● Records to process
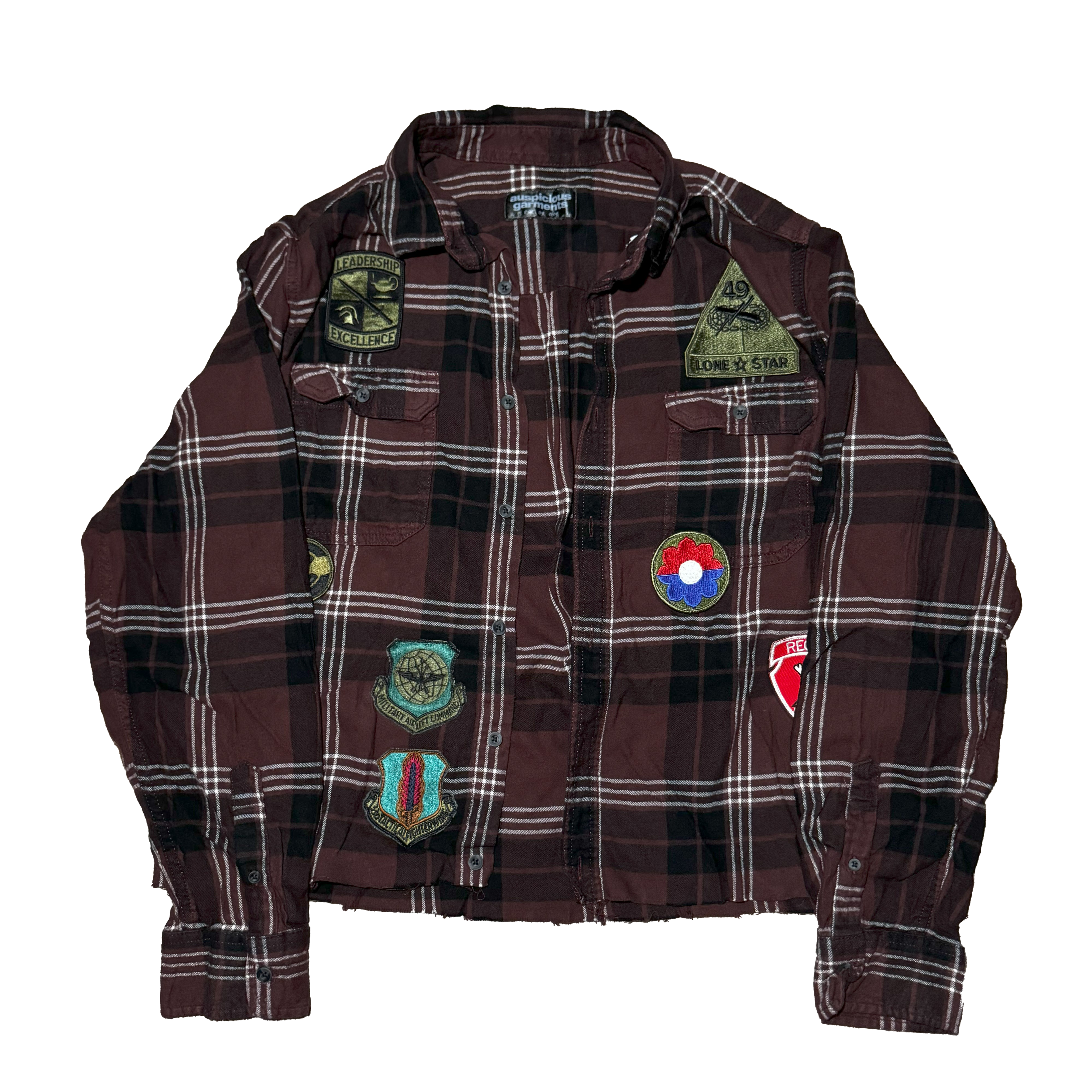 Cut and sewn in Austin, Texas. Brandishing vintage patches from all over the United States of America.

* * *

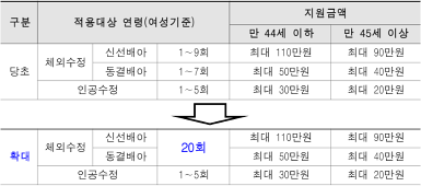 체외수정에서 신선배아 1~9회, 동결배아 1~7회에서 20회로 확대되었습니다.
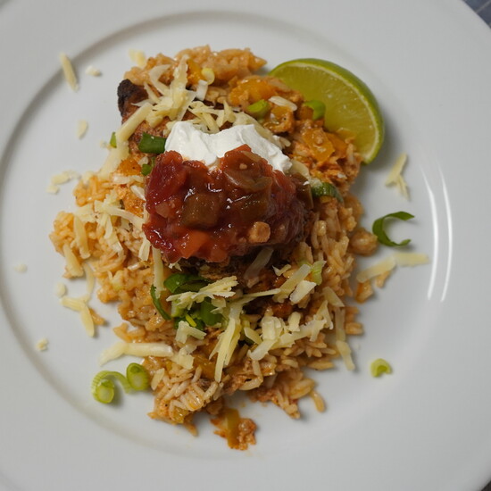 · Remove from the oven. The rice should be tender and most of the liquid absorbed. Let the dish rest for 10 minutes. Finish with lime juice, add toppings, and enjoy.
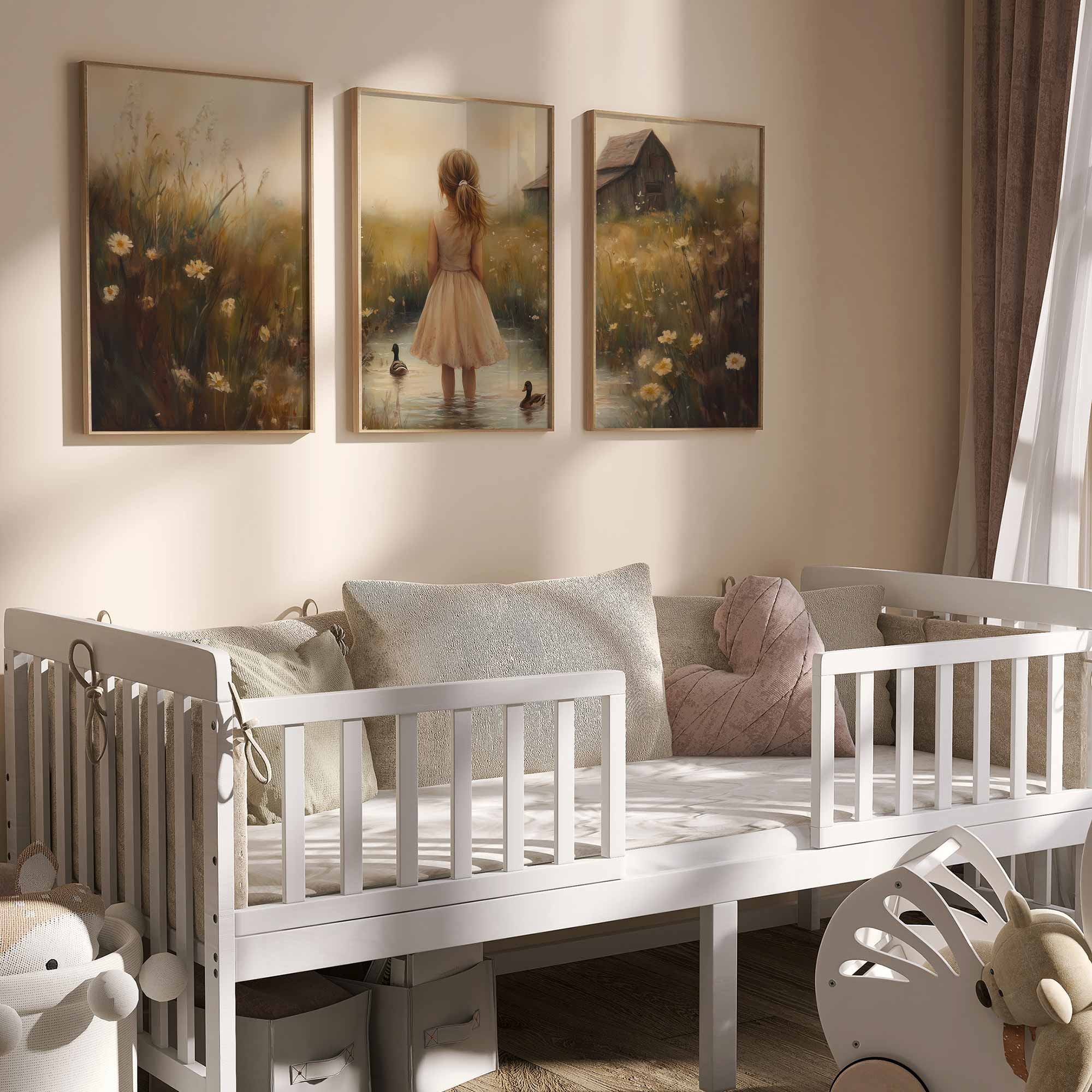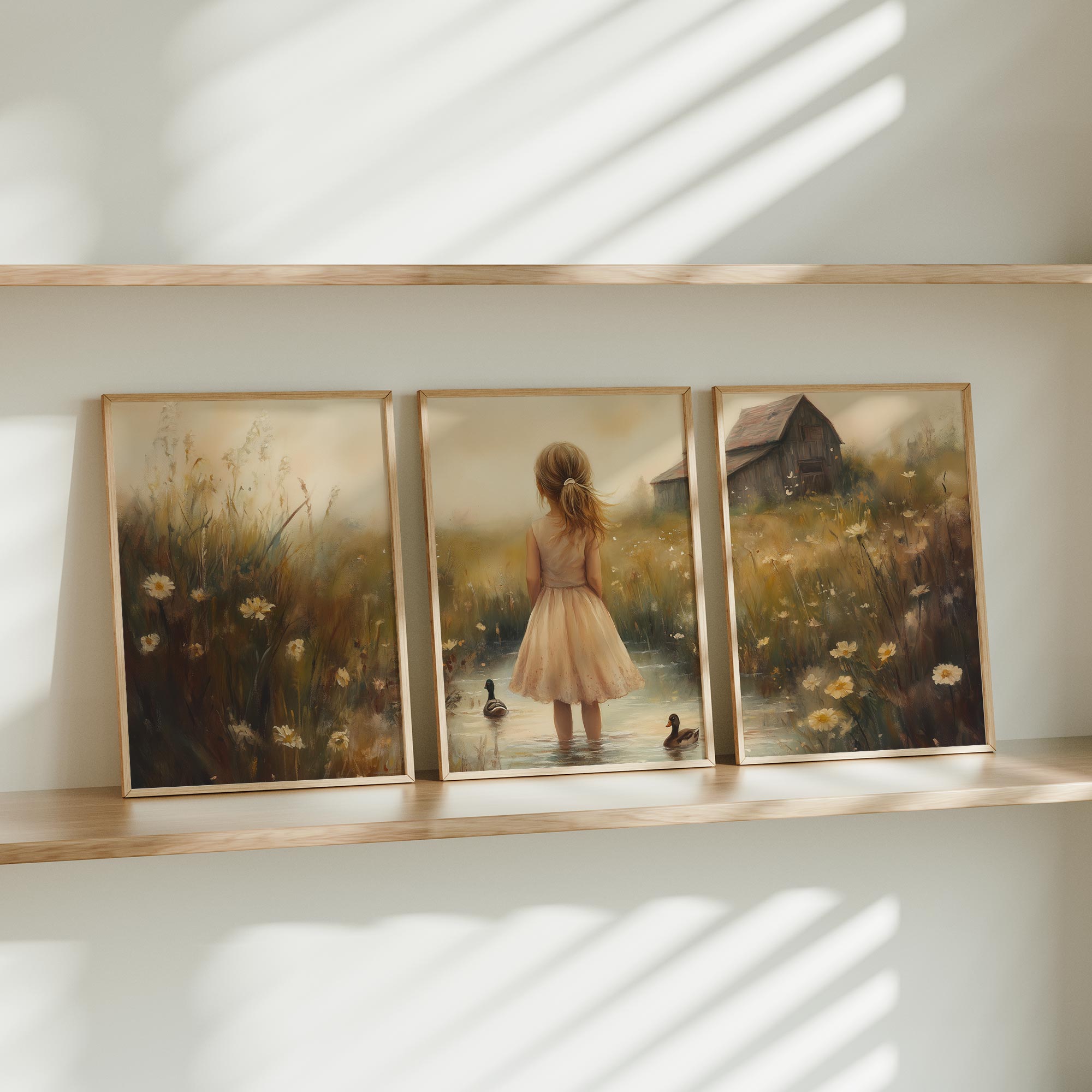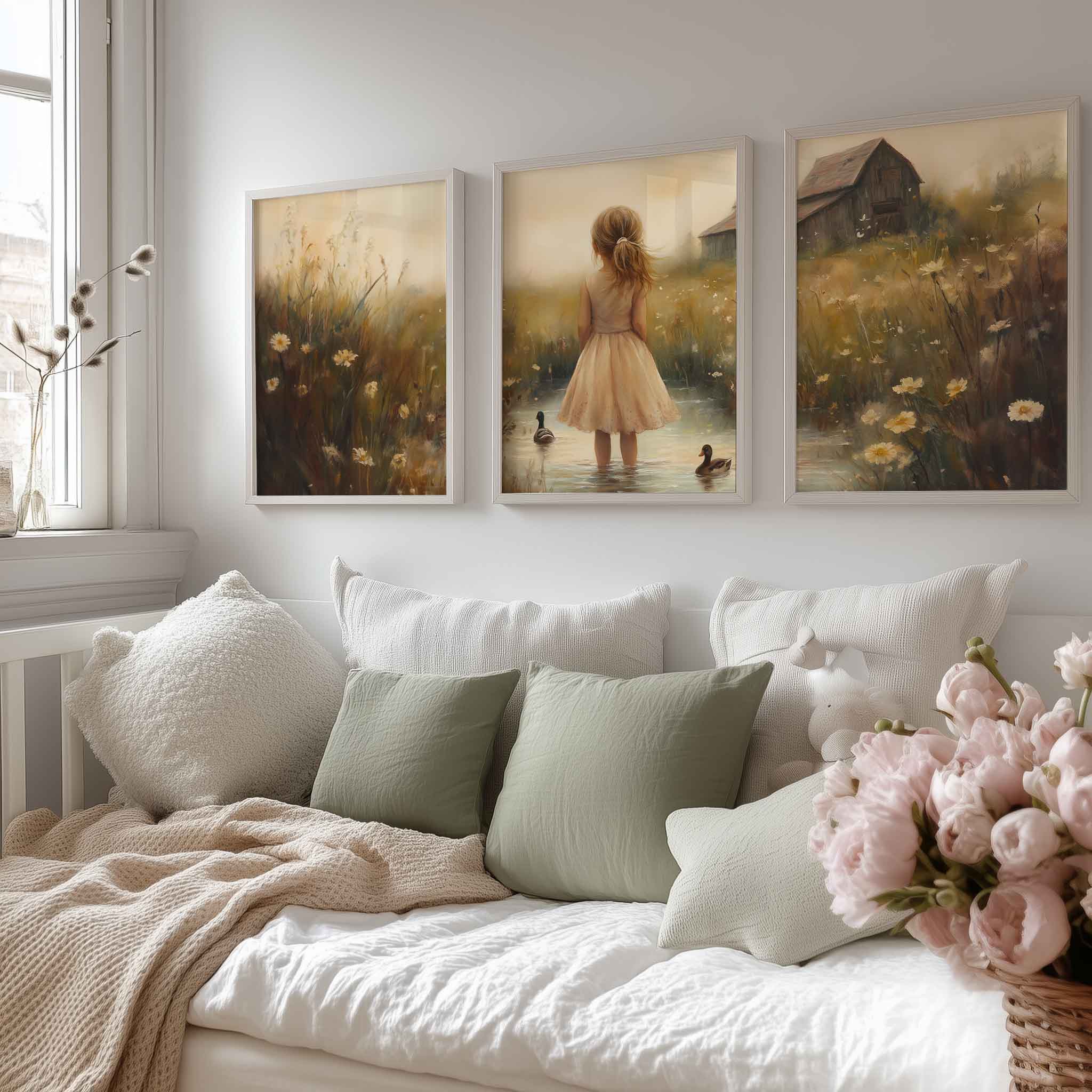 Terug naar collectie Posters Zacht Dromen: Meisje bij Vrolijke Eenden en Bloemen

● Work to be completed
The result should be an exact copy of only the lines above from the one that holds "toppings, and enjoy." through the one that holds "Terug naar collectie", both ends included, without pictures.

● Answer
 · Remove from the oven. The rice should be tender and most of the liquid absorbed. Let the dish rest for 10 minutes. Finish with lime juice, add toppings, and enjoy.
 Terug naar collectie Posters Zacht Dromen: Meisje bij Vrolijke Eenden en Bloemen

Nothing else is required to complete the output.